Assignment:
Your reproduction of the entries should be exact and should contain no pictures.

Material for this exercise:

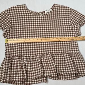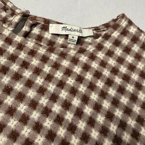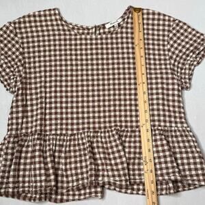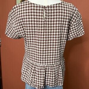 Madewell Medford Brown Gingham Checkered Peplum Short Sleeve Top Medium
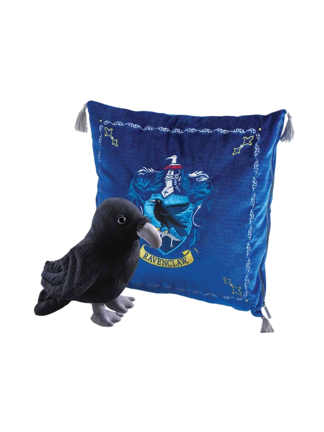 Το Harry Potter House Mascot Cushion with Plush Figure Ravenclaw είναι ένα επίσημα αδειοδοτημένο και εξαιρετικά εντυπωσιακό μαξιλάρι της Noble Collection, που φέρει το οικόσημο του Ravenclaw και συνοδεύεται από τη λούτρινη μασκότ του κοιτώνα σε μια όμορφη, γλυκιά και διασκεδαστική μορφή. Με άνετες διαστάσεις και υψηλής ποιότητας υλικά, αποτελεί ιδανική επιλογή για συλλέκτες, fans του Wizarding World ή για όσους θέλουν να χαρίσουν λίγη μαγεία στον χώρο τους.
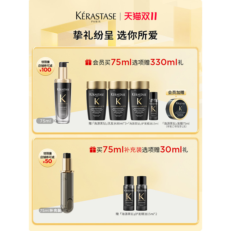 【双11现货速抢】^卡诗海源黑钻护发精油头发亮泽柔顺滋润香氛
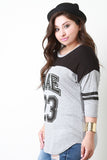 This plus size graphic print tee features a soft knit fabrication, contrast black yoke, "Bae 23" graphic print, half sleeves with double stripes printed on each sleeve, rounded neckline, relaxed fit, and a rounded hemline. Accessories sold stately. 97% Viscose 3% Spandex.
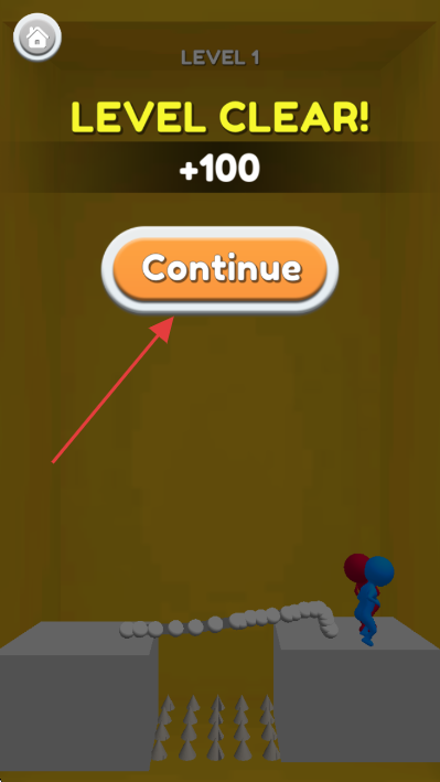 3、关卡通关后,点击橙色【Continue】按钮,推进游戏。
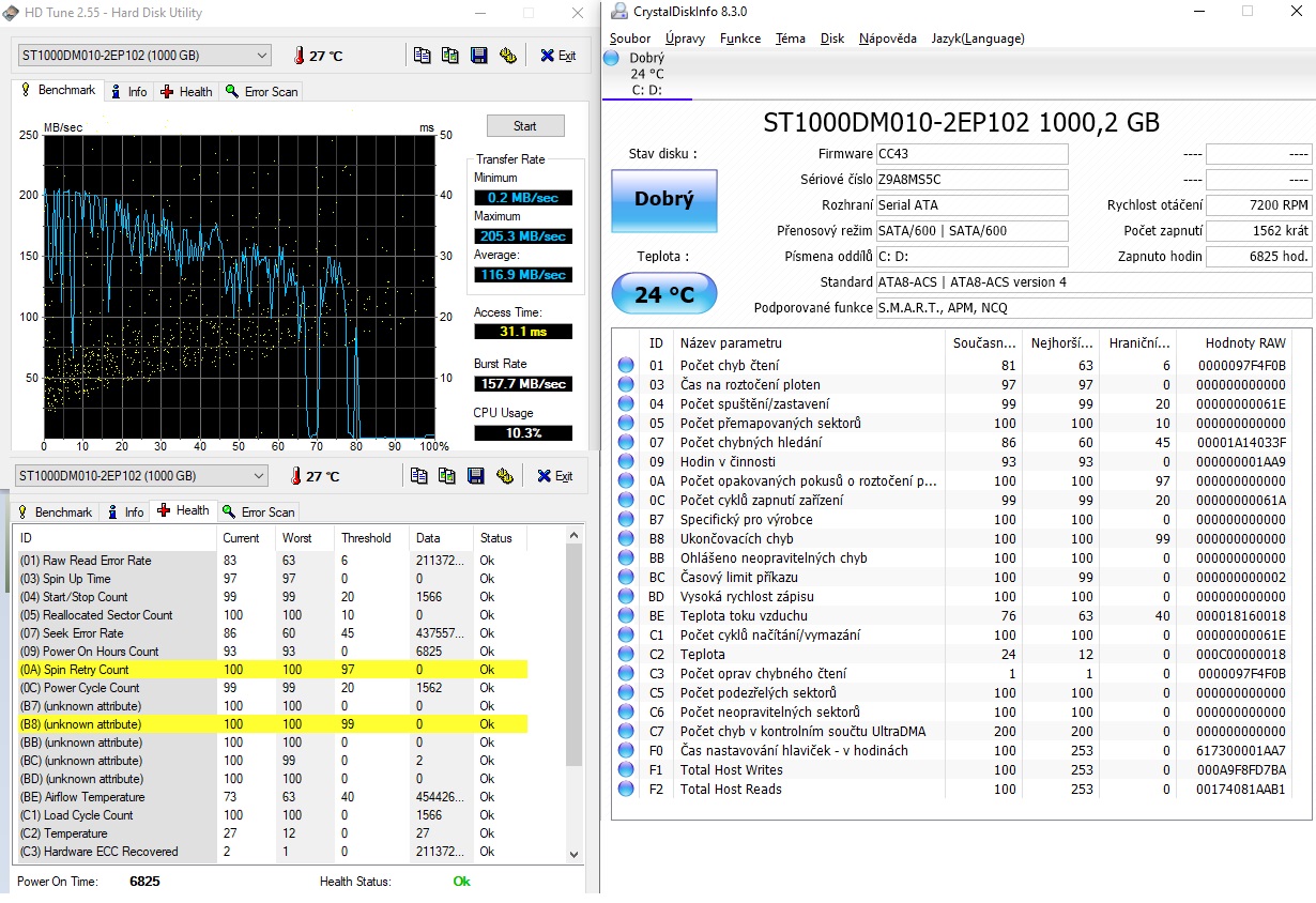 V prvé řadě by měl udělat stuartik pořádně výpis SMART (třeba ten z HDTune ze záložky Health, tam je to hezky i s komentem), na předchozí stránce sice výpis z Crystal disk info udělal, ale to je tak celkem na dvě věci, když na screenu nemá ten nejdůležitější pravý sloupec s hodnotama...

Response below:
 Madewell Medford Brown Gingham Checkered Peplum Short Sleeve Top Medium
 Το Harry Potter House Mascot Cushion with Plush Figure Ravenclaw είναι ένα επίσημα αδειοδοτημένο και εξαιρετικά εντυπωσιακό μαξιλάρι της Noble Collection, που φέρει το οικόσημο του Ravenclaw και συνοδεύεται από τη λούτρινη μασκότ του κοιτώνα σε μια όμορφη, γλυκιά και διασκεδαστική μορφή. Με άνετες διαστάσεις και υψηλής ποιότητας υλικά, αποτελεί ιδανική επιλογή για συλλέκτες, fans του Wizarding World ή για όσους θέλουν να χαρίσουν λίγη μαγεία στον χώρο τους.
 【双11现货速抢】^卡诗海源黑钻护发精油头发亮泽柔顺滋润香氛
 This plus size graphic print tee features a soft knit fabrication, contrast black yoke, "Bae 23" graphic print, half sleeves with double stripes printed on each sleeve, rounded neckline, relaxed fit, and a rounded hemline. Accessories sold stately. 97% Viscose 3% Spandex.
 3、关卡通关后,点击橙色【Continue】按钮,推进游戏。
 V prvé řadě by měl udělat stuartik pořádně výpis SMART (třeba ten z HDTune ze záložky Health, tam je to hezky i s komentem), na předchozí stránce sice výpis z Crystal disk info udělal, ale to je tak celkem na dvě věci, když na screenu nemá ten nejdůležitější pravý sloupec s hodnotama...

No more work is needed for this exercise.